The Eighteenth National Congress of the Communist Party of China is a choreographed event that will have global reverberations.
Change in the world’s second-largest economy could have a substantial impact on international trade, and there is plenty of change coming. For the first time ever, China faces a labour shortage. That’s good news for the migrant workers making smartphones and bad news for their employers. China’s interests in Africa and Latin America, meanwhile, are reshaping continents, while the efforts of Chinese corporations to acquire assets in Canada is forcing Ottawa to sharpen policies on foreign takeovers.
The outcome of this super-synchronized ceremony will impact your business, your government’s foreign policy and your grocery bill.
This is the Communist Party of China’s official changing of the guard. Since 1972 they have taken place every five years.
Delegates choose 371 members of the central committee, 25 members of the Politburo and seven in the party’s Standing Committee – concentric circles of power within the party structure. In reality, “choose” isn’t the right verb. The next president, premier and Politburo members have been known for months, and groomed for years.
This is also supposed to be an evaluation of the Party’s progress report. But overt criticism of the leadership or the direction it has taken China is unlikely to mar the proceedings. The real politicking takes place behind closed doors.
Everyone watches the minutiae: Who is sitting beside whom onstage? What is the significance of the passages missing from 101-minute opening speech of outgoing paramount leader Hu Jintao? Even the order in which new Politburo members are presented can indicate who has more authority.
Representatives from China’s visible minorities are decked out in traditional garb, but they’re repeating the same party lines as thousands of other delegates, clad in identical red ties and sporting identical dyed black hair.
There are “big tent” parties, and then there is the Communist Party of China, with 80 million members.
The 2,270 delegates, elected by lower-level party members, are supposed to represent the whole country. There are governors, generals, academics, migrant workers, an Olympic swimmer. But this group is overwhelmingly old Han, the dominant ethnic minority in China, and male. More significantly, they are uniformly in favour of whatever it is the President says in his opening remarks.
A subsection of these delegates is supposed to represent China’s “United Front,” a conglomeration of democratic or “non-partisan” parties. They are either members of the CCP, or chosen by the party itself.
Xi Jinping was born into Communist Party royalty, the “princeling” son of a high-ranking revolutionary general. He has been moving up in the party’s ranks since 1974. A couple of big-time promotions five years ago (first secretary, then vice-president) put him on track as Mr. Hu’s heir apparent.
Mr. Xi is considered more charismatic than his somewhat dour predecessor. He also appears open to westernization (he has travelled extensively; his daughter attends Harvard University). But he also has closer ties to China’s military than Mr. Hu and hasn’t hesitated to take jabs at the country’s detractors. As he takes the helm of a newly confident China, this should make Japan and the Philippines nervous – and more likely to call on the U.S. for backup.

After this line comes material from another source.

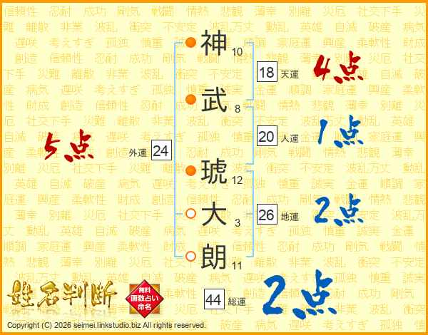 神武琥大朗さんの地運は26画の2点!

China’s Communist Party leaders have embraced capitalist-like economic liberalization in a system where 145,000 state-owned enterprises account for 35 per cent of the country’s business activity. They push citizens to superhuman levels of achievement, as long as that doesn’t include using the Internet freely.

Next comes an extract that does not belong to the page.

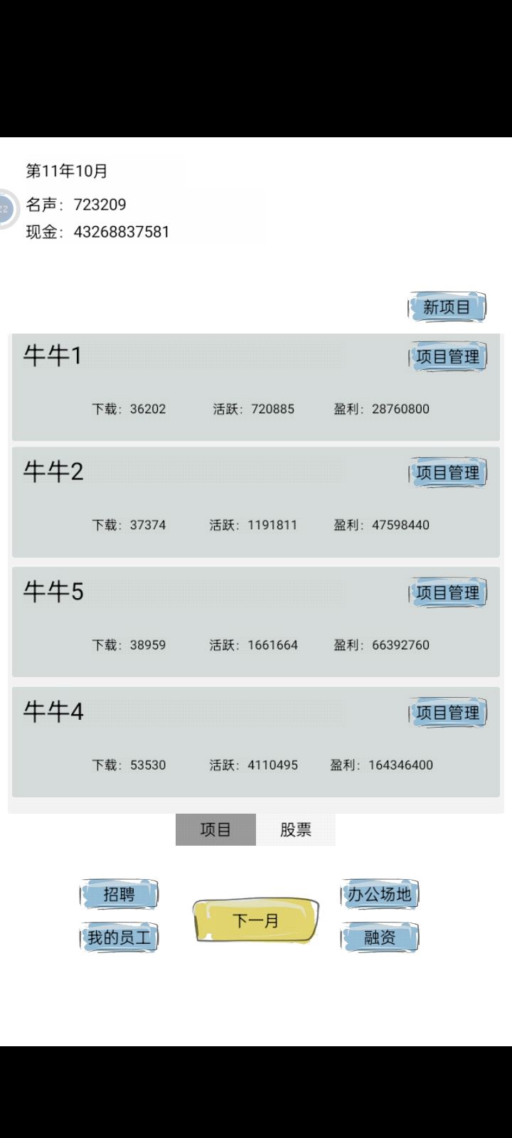 从入门到进阶,我把我会的统统告诉你。目前版本(2019.09.23)最全?攻略:第一步:招聘五个人才做第二个游戏(直接996别慌),没错就是全民XX招人要求:高级或者专家,优先程序高一点,疯狂刷新,一个月可以刷五次,如果最后一次人没齐不要慌,宁缺毋滥。(刷分如果没齐就重开吧)第二步:你现在有五个全民XX了。点开融资,等融资(第三个:钞能力)达到能卖一千万左右的时候,把办公场地(大胆升

But China is very different from the country Mr. Hu was handed 10 years ago. It is wealthier and has more pull internationally. It’s also much more complicated. Four years ago, you’d have been laughed at for suggesting a protest by middle-class residents would derail a polluting chemical plant. But that happened just last month. China’s Generation-Y population, born after 1985, is the first generation that didn’t have to worry about where the next meal was coming from. Prosperity isn’t enough for them. They want social and political freedom too.